[[ RAW DATA, beginning ]]
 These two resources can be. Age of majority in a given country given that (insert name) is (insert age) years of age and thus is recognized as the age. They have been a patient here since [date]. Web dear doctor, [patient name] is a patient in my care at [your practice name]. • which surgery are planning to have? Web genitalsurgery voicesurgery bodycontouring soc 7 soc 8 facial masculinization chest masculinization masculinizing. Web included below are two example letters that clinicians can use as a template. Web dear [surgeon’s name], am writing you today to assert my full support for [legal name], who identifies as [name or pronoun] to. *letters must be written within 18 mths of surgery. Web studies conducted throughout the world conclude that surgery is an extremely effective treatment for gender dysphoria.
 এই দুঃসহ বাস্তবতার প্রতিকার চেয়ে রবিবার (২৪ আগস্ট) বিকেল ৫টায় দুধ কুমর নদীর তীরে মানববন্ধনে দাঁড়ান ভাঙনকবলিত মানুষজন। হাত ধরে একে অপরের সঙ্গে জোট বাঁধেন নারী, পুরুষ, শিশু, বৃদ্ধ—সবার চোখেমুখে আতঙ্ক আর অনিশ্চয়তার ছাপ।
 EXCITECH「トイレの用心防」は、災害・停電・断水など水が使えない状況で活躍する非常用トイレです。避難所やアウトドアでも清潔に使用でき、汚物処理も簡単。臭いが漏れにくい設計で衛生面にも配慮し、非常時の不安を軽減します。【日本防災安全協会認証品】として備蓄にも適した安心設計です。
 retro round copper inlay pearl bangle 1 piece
[[ RAW DATA, end ]]
[[ RAW DATA, beginning ]]
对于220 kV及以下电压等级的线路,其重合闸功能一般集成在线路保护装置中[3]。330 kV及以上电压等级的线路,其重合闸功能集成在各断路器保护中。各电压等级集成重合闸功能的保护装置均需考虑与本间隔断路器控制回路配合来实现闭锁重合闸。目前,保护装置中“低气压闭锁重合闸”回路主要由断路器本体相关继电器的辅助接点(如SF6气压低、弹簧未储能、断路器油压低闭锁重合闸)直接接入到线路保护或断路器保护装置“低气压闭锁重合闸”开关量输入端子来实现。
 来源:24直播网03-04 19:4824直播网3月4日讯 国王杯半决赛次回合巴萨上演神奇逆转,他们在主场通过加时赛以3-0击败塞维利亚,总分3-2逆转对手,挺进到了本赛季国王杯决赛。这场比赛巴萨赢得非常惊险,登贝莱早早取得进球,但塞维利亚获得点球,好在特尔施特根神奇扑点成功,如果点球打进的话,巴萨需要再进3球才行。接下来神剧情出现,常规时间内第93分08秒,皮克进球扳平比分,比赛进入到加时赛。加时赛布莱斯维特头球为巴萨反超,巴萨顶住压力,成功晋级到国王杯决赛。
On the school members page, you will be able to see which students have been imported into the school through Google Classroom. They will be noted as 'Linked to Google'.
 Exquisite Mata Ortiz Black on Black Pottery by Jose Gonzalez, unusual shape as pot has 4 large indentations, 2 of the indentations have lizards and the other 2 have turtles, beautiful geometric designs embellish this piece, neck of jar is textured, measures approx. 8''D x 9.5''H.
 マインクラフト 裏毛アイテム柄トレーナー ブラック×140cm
[[ RAW DATA, end ]]
Read through the data above. Report each line that has the word "have".

 These two resources can be. Age of majority in a given country given that (insert name) is (insert age) years of age and thus is recognized as the age. They have been a patient here since [date]. Web dear doctor, [patient name] is a patient in my care at [your practice name]. • which surgery are planning to have? Web genitalsurgery voicesurgery bodycontouring soc 7 soc 8 facial masculinization chest masculinization masculinizing. Web included below are two example letters that clinicians can use as a template. Web dear [surgeon’s name], am writing you today to assert my full support for [legal name], who identifies as [name or pronoun] to. *letters must be written within 18 mths of surgery. Web studies conducted throughout the world conclude that surgery is an extremely effective treatment for gender dysphoria.
On the school members page, you will be able to see which students have been imported into the school through Google Classroom. They will be noted as 'Linked to Google'.
 Exquisite Mata Ortiz Black on Black Pottery by Jose Gonzalez, unusual shape as pot has 4 large indentations, 2 of the indentations have lizards and the other 2 have turtles, beautiful geometric designs embellish this piece, neck of jar is textured, measures approx. 8''D x 9.5''H.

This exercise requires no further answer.